Emerging Issues in Library Web Collections
Raymond D. Irwin
The Internet’s growth has been extraordinary. According to the Internet Software Consortium the number of hosts has roughly quadrupled since the summer of 1998 (Internet Software Consortium, 2002). The number of networks and registered domains also increased (Caslon Analytics, 2003). About 180 of the world’s nations now have access to the Internet and, perhaps more significantly, the numbers of people online worldwide increased from just 16 million in December 1995 to over 600 million in October 2002 (Gromov, 2002; Web Metro, 2002). Over 765 million users are expected by the end of 2005 (CommerceNet, 2002).

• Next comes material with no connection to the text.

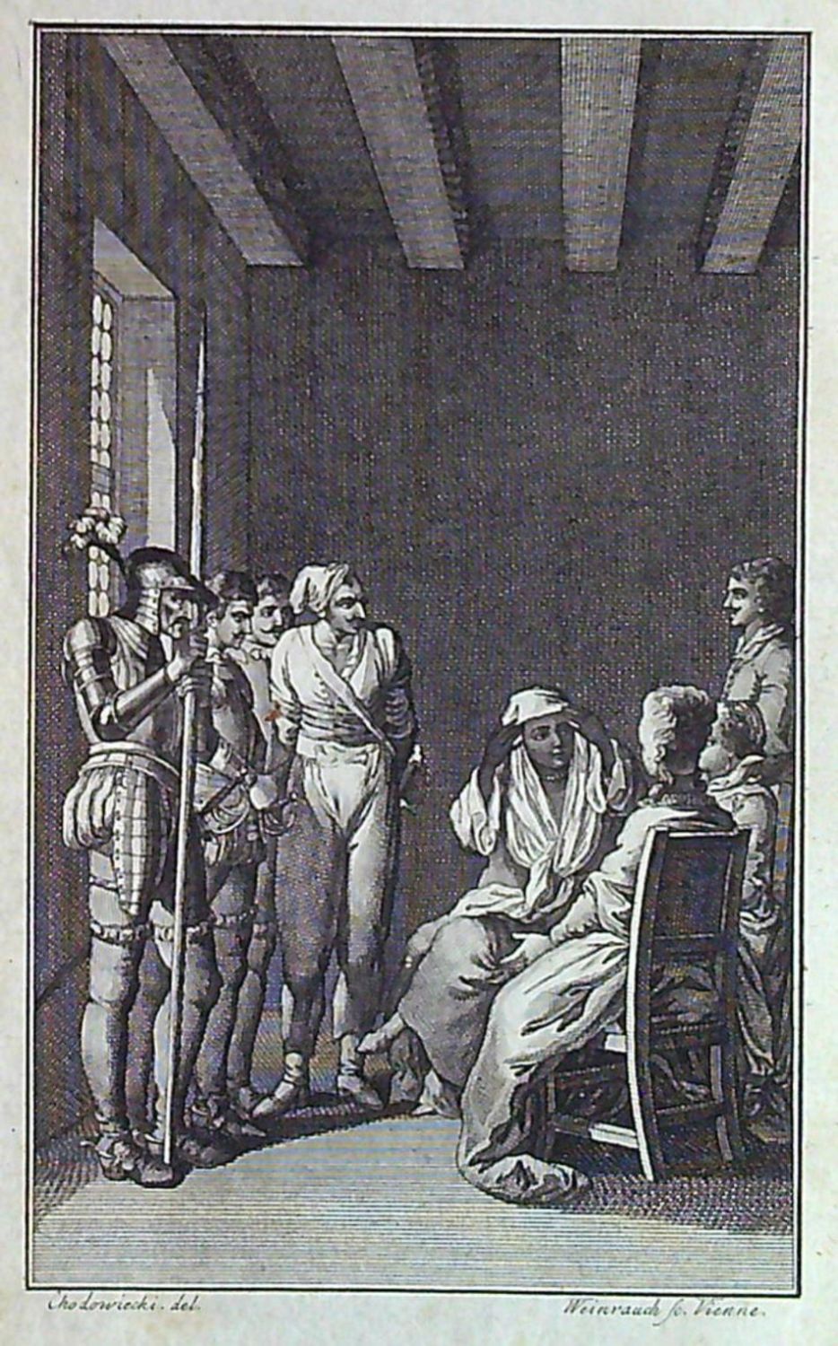 BCBT 13891<br>Tištěno gotikou, dvojité linky, tučně tištěné versálky, mizící linky. Na titulních listech všech šesti dílů mědirytiny v oválu (cca 69 x 56 mm) s vyobrazeními vztahujícími se k románu, ve front. všech šesti dílů mědirytiny, které dle Chodowieckého vyryl Weinrauch ve Vídni, na kterých jsou vyobrazeni Don Quixote a Sancho Panza v různých situacích. <br>Jednotné kartonové vazby potažené škrobovým papírem z 20. století. Na rubu titulních listů některých svazků staré provenienční maďarské razítko.<br>Do německého jazyka ze španělštiny přeložil Justin Friedrich Bertuch. Souborný katalog eviduje v Čechách pouze dvě kompletní vydání v NK ČR v Praze a v Moravské zemské knihovně v Brně.
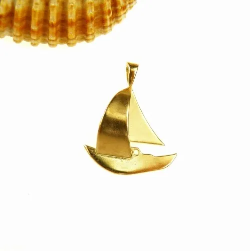 Zawieszka srebrna z żaglówką dużą pozłocona

With this growth has come extensive use of Internet services. Worldwide, according to Nielsen, the average Internet user logs on about 22 times per month and spends almost 12 hours per month online (Nielsen//Net Ratings, 2003). Estimates suggest that North American Internet traffic nearly doubled in 2002 (RHK, 2002). In other places around the world, this activity is expected to increase sharply.
Likewise, the range of Internet activities in which people are engaged is impressive. According to Jupiter Research, the activities responsible for most Internet traffic are email, use of search engines, research to find products, services, and local information, and entering contests and reading news (Greenspan, 2002). The service used by the largest proportion of Internet users, e-mail, is projected to grow in volume from 31 billion messages sent per day currently to 60 billion per day by 2006 (Cyberatlas, 2002).
A popular subset of the Internet, the World Wide Web, has shown similar growth. The Web Characterization Project at the Online Computer Library Center (OCLC) noted a roughly three-fold increase in the number of Web sites between 1998 and 2002. The number of "public" Web sites—those offering "free, unrestricted access to all or at least a significant portion of [their] content"—nearly doubled between 1998 and 2000 and has remained steady at about 3 million since 2000 (OCLC, 2002). Similarly, the number of publicly available, indexable Web pages grew from approximately 800 million in February 1999 to more than 3 billion today (Lawrence & Giles, 2002).
Erosion of Time-Space Barriers
Arguably, both the Internet and World Wide Web have grown by breaking down barriers of time and space. Prior to FTP and email, document delivery depended largely upon courier, mail, and fax. Twenty-four-hour shopping was limited to a few retail and convenience stores and required physical travel. Meeting people with similar interests often meant investing significant amounts of time and energy. Learning involved traveling to school and sitting in a classroom. Entertainment required scheduling, arranging one’s schedule around available movie times, concert dates, and T.V. slots.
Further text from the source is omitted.